What’s the meaning of Alex Garland’s 2018 science-fiction movie Annihilation? A lot of things, actually. And what it means may differ from me and you.

That’s probably not the answer you’re looking for. I’m not sure that there’s a true answer. When we talk about films like Annihilation, we need to accept that some films have multiple meanings.

I often think of 2017’s Mother! when I broach this subject. Mother!, directed by Darren Arronovsky, also has multiple meanings, and not one of them is the One True Meaning. In fact, in its own mad brilliance, it’s one of those film that is made up entirely of allegories. It’s a biblical play as much as it is about the relationship of an artist and his muse (or, if you like, Darren Arronovsky’s own relationship with his star and then-girlfriend Jennifer Lawrence). That’s the point of the film. You’re meant to find your own answer, if not accept all of them.

Annihilation is the same, in that each of us will find a different meaning. None of them will be wrong. They can all be correct. That, perhaps, is part of the beauty of this film.
So, really, I can only tell you what Annihilation means to me. First, though, I’m going to tell you what the film is about.


DESTRUCTIVE SPOILERS AHEAD.

Are we good? Are you ready? Right.

Annihilation is about Lena, played by Natalie Portman. She’s an ex-military biologist whose military husband Kane (Oscar Isaac) went missing during a mission and presumed KIA. She’s rightfully sad, a little angry perhaps. Then he pops back home, 12 months later, except now he’s weird and distant. He starts vomiting blood. Before she knew it, they’re both taken to and locked up in a science facility.

Turns out, her husband was part of an expedition into Area X, a large plot of land behind what’s called the Shimmer, a translucent wall that originated and grew from a meteor that crashed into a lighthouse.
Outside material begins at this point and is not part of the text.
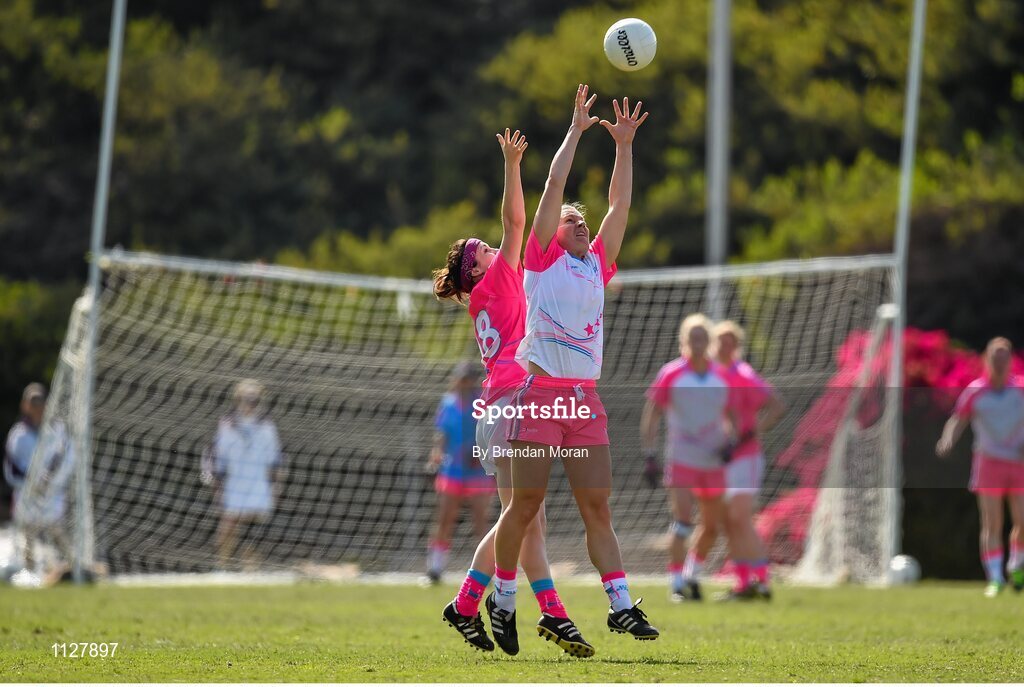 19 March 2016; Deirdre O'Reilly, Cork and 2014 All Stars, in action against Geraldine Conneally, Galway and 2015 All Stars. TG4 Ladies Football All-Star Tour, 2014 All Stars v 2015 All Stars. University of San Diego, Torero Stadium, San Diego, California, USA. Picture credit: Brendan Moran / SPORTSFILE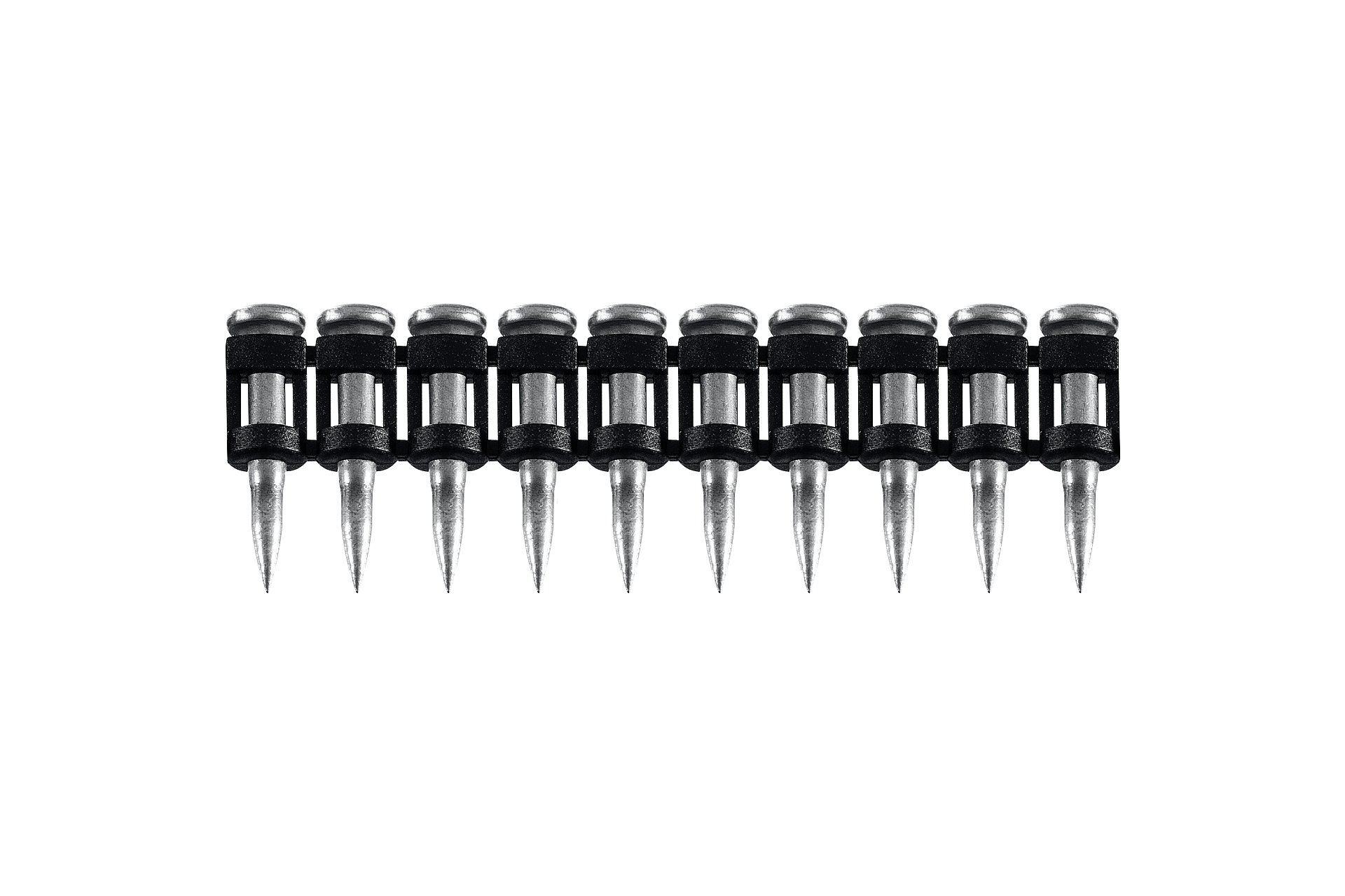 Усиленные гвозди по бетону соединены в кассету и забиваются при помощи газового или пневматического гвоздезабивного пистолета (нейлера). Кованый наконечник пулевидной формы облегчает вхождение в высокопрочные материалы.

Determined to find out what really happened to Kane and hoping, perhaps, to save him, Lena joins an expedition of women scientists to venture forth towards the lighthouse. It’s a motley crew of people with their own rather dark pasts, led by the mysterious psychiatrist Dr Ventress (Jennifer Jason Leigh), tough-talking Anya (Gina Rodriguez, from Jane the Virgin), meek Josie (Thor Ragnarok’s Tessa Thompson) and sweet Cassie (Tuva Novotny).

Source: Netflix
Ready to science the hell out of the Shimmer

In Area X, things are bizarre and beautiful. Due to the strange properties of the Shimmer, the local plants and wildlife have their DNA refracted to one another, turning everything into mutant hybrids. Crocodiles may have shark teeth. Plants grow different flowers from the same stalk. And the humans, well, they’re a-changin’, too, and not for the better.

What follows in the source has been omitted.